Transcribe each record exactly. Omit the pictures.
====== Task input
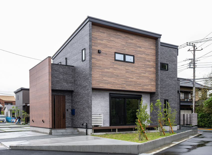 住宅街の角地、南面が開けた好立地に新築したN邸。スタイリッシュでかっこいい外観とブルックリンテイストの室内がすてき。LDK内に書斎とファミリークローゼットを設けたり、サウナを搭載したり、おうち時間をより快適に過ごせる居住空間を実現した。『いろはこ』だからこそ、耐震等級3、高気密・高断熱性能を備えながらも建築価格をぐっと抑えて建てることができたとNさんご夫妻は喜んでいる。
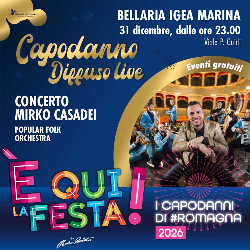 Vivi il Capodanno Diffuso Live a Bellaria Igea Marina con una serata speciale- per festeggiare l'arrivo del nuovo anno tutti insieme,
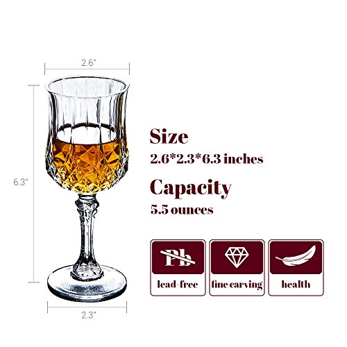 (Bella Vino)/Kitchen Dining/Bar Tools Glasses/DIRECT FROM USA/Crystal Wine Glasses Set of 4 by Dr. Hetzner - 5.5 Ounce - Old Fashioned Designed Carved Wine G...
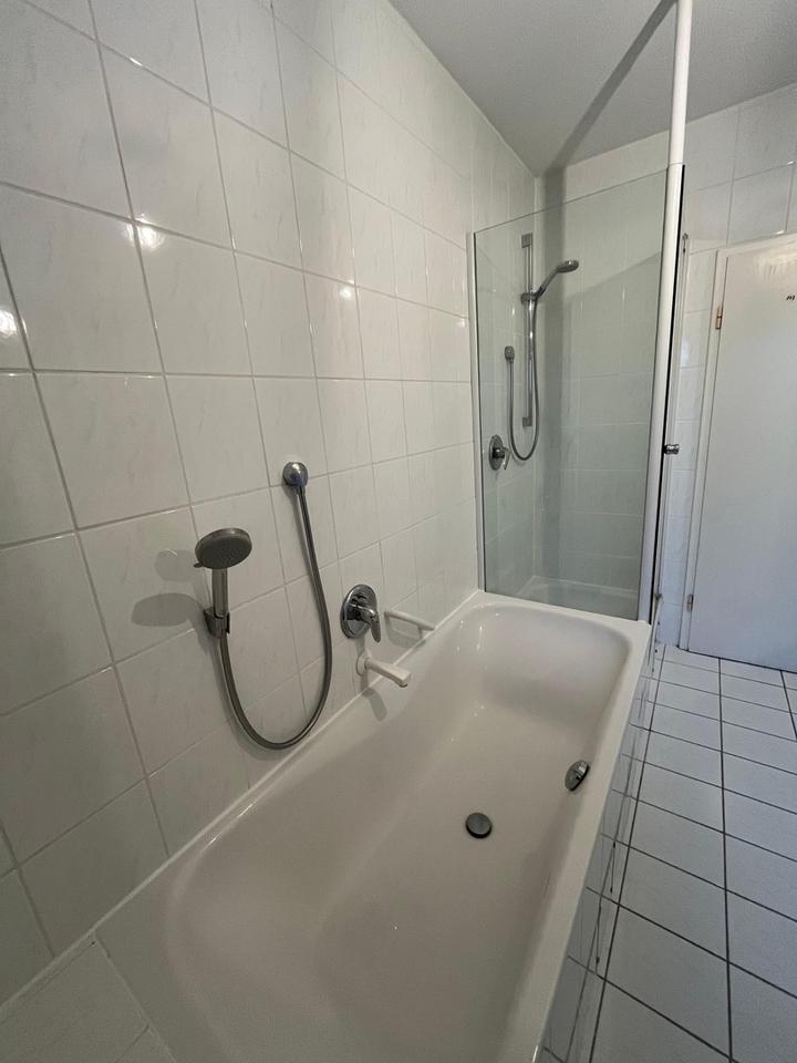 Tageslichtbad mit Badewanne, WC und Dusche – ideal für flexible Nutzung.
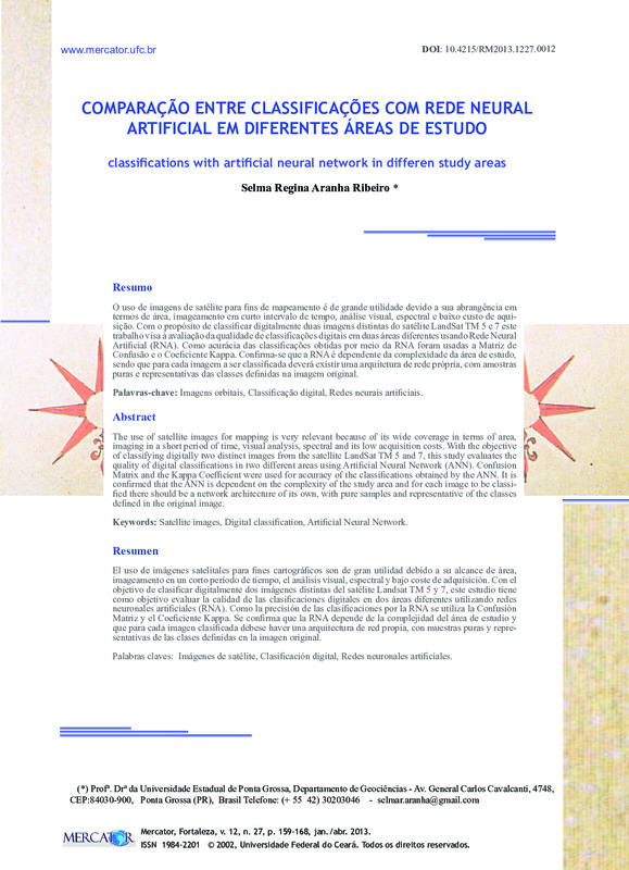 Artificial (RNA). Como acurácia das classificações obtidas por meio da RNA foram usadas a Matriz de
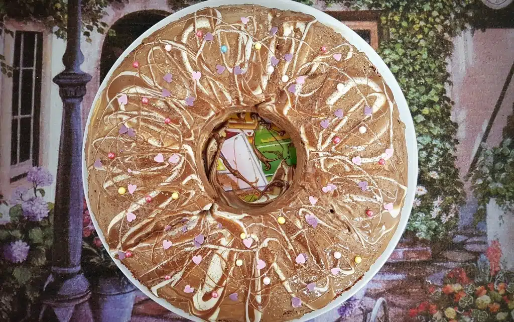 Охлаждаме го и украсяваме с течен шоколад и захарни фигурки. Да ви е сладко!
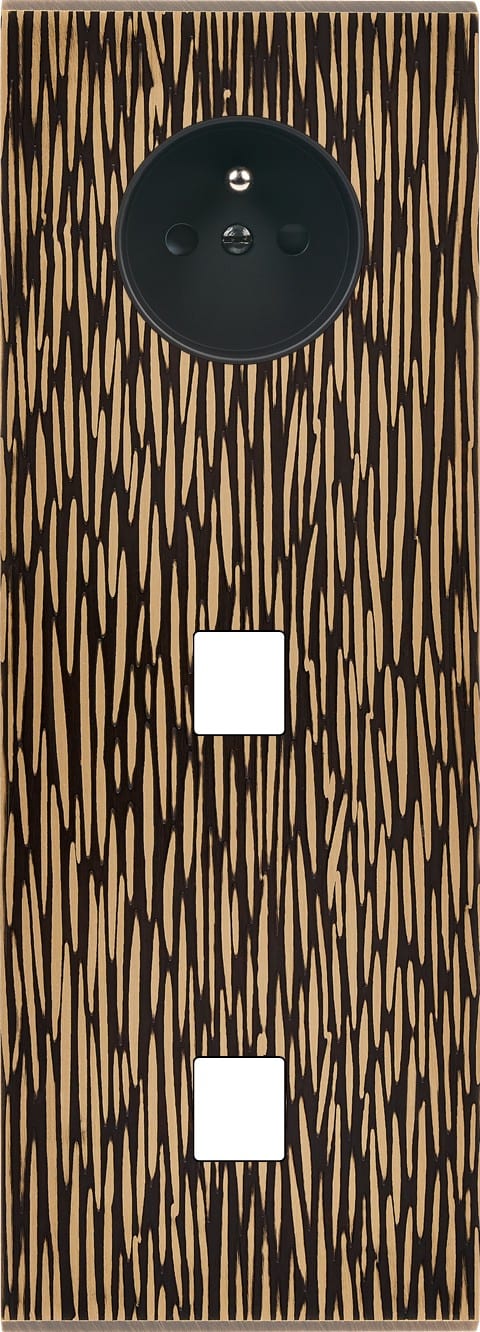 Façade Fascination en laiton massif finition Fauve triple verticale prise 2P+T 1 MEDIA 1 MEDIA mag. Dimensions : 80x222x5mm, deux chanfreins biseautés. Fabriqué en France dans les ateliers de Steaven Richard.
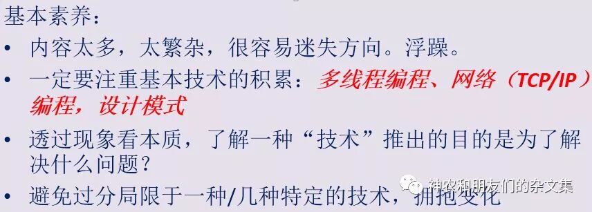 我个人认为从事应用层开发同学的比例最大,也是最能体会“跟不上知识更新步伐”感受的人。这一领域中有没有什么 基础关键技术?我多年观察下来觉得在应用层开发领域,多线程编程 、网络编程、 设计模式等几个是基础关键知识,无论如何要想办法抓在手里。
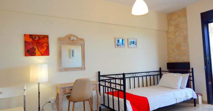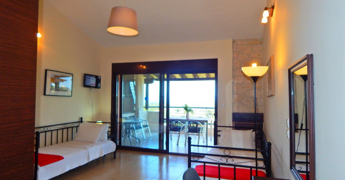 Kripis Studio Paliouri: Located in the most beautiful point of Paliouri, next to the chapel of St. Nektarios. Only 450 meters from the center of the village, you have your Patisserie, supermarket, bakery, restaurants, doctor, pharmacy and everything you need. The apartments are spacious and can accommodate Families or groups of 4-6 people. They have organized kitchens with refrigerator and stove. Also, Big balcony with sea view, Air-conditioning and TV. Internet. Sheets and towels every 4 days. Only five minutes’ drive to the sea (2.5 km), thera are the famous beaches Glarokambos, Xenia, Blue Fish Beach Bar and Kanistro. Also in 9km you can find Pefkohori and in 11 km Chanioti. All the apartments have separate one Room for 2 people, and a big Livingroom for 2-3 people. Refundable Damage Deposit 50 euro. (You take it back the day you leave if everything is OK). The apartments are delivered clean and tenant care alone for cleanliness. We do not provide any extra services. Minimum stay 6 days. We inform you, as shown in the pictures, that the ground is very steep, which is why all apartments have views. Also, the access is by an unpaved road 100 meters. You should be prepared for this small uphill / downhill. Kripis Studio Paliouri is located in Paliouri within 450 metres of the village centre. Featuring a sea-view balcony, the accommodation is fitted with a seating and dining area. An oven and refrigerator are also provided, as well as a coffee machine. There is also a kitchen in all of the units, equipped with a stovetop. Towels and bed linen are offered every 4 days. Within a 5-minutes drive you can reach Glarokambos, Xenia, Blue Fish Beach Bar and Kanistro. Pefkohori is 9 km away and Hanioti 11 km away. nbsp;
============
## Exercise response
 住宅街の角地、南面が開けた好立地に新築したN邸。スタイリッシュでかっこいい外観とブルックリンテイストの室内がすてき。LDK内に書斎とファミリークローゼットを設けたり、サウナを搭載したり、おうち時間をより快適に過ごせる居住空間を実現した。『いろはこ』だからこそ、耐震等級3、高気密・高断熱性能を備えながらも建築価格をぐっと抑えて建てることができたとNさんご夫妻は喜んでいる。
 Vivi il Capodanno Diffuso Live a Bellaria Igea Marina con una serata speciale- per festeggiare l'arrivo del nuovo anno tutti insieme,
 (Bella Vino)/Kitchen Dining/Bar Tools Glasses/DIRECT FROM USA/Crystal Wine Glasses Set of 4 by Dr. Hetzner - 5.5 Ounce - Old Fashioned Designed Carved Wine G...
 Tageslichtbad mit Badewanne, WC und Dusche – ideal für flexible Nutzung.
 Artificial (RNA). Como acurácia das classificações obtidas por meio da RNA foram usadas a Matriz de
 Охлаждаме го и украсяваме с течен шоколад и захарни фигурки. Да ви е сладко!
 Façade Fascination en laiton massif finition Fauve triple verticale prise 2P+T 1 MEDIA 1 MEDIA mag. Dimensions : 80x222x5mm, deux chanfreins biseautés. Fabriqué en France dans les ateliers de Steaven Richard.
 我个人认为从事应用层开发同学的比例最大,也是最能体会“跟不上知识更新步伐”感受的人。这一领域中有没有什么 基础关键技术?我多年观察下来觉得在应用层开发领域,多线程编程 、网络编程、 设计模式等几个是基础关键知识,无论如何要想办法抓在手里。
 Kripis Studio Paliouri: Located in the most beautiful point of Paliouri, next to the chapel of St. Nektarios. Only 450 meters from the center of the village, you have your Patisserie, supermarket, bakery, restaurants, doctor, pharmacy and everything you need. The apartments are spacious and can accommodate Families or groups of 4-6 people. They have organized kitchens with refrigerator and stove. Also, Big balcony with sea view, Air-conditioning and TV. Internet. Sheets and towels every 4 days. Only five minutes’ drive to the sea (2.5 km), thera are the famous beaches Glarokambos, Xenia, Blue Fish Beach Bar and Kanistro. Also in 9km you can find Pefkohori and in 11 km Chanioti. All the apartments have separate one Room for 2 people, and a big Livingroom for 2-3 people. Refundable Damage Deposit 50 euro. (You take it back the day you leave if everything is OK). The apartments are delivered clean and tenant care alone for cleanliness. We do not provide any extra services. Minimum stay 6 days. We inform you, as shown in the pictures, that the ground is very steep, which is why all apartments have views. Also, the access is by an unpaved road 100 meters. You should be prepared for this small uphill / downhill. Kripis Studio Paliouri is located in Paliouri within 450 metres of the village centre. Featuring a sea-view balcony, the accommodation is fitted with a seating and dining area. An oven and refrigerator are also provided, as well as a coffee machine. There is also a kitchen in all of the units, equipped with a stovetop. Towels and bed linen are offered every 4 days. Within a 5-minutes drive you can reach Glarokambos, Xenia, Blue Fish Beach Bar and Kanistro. Pefkohori is 9 km away and Hanioti 11 km away. nbsp;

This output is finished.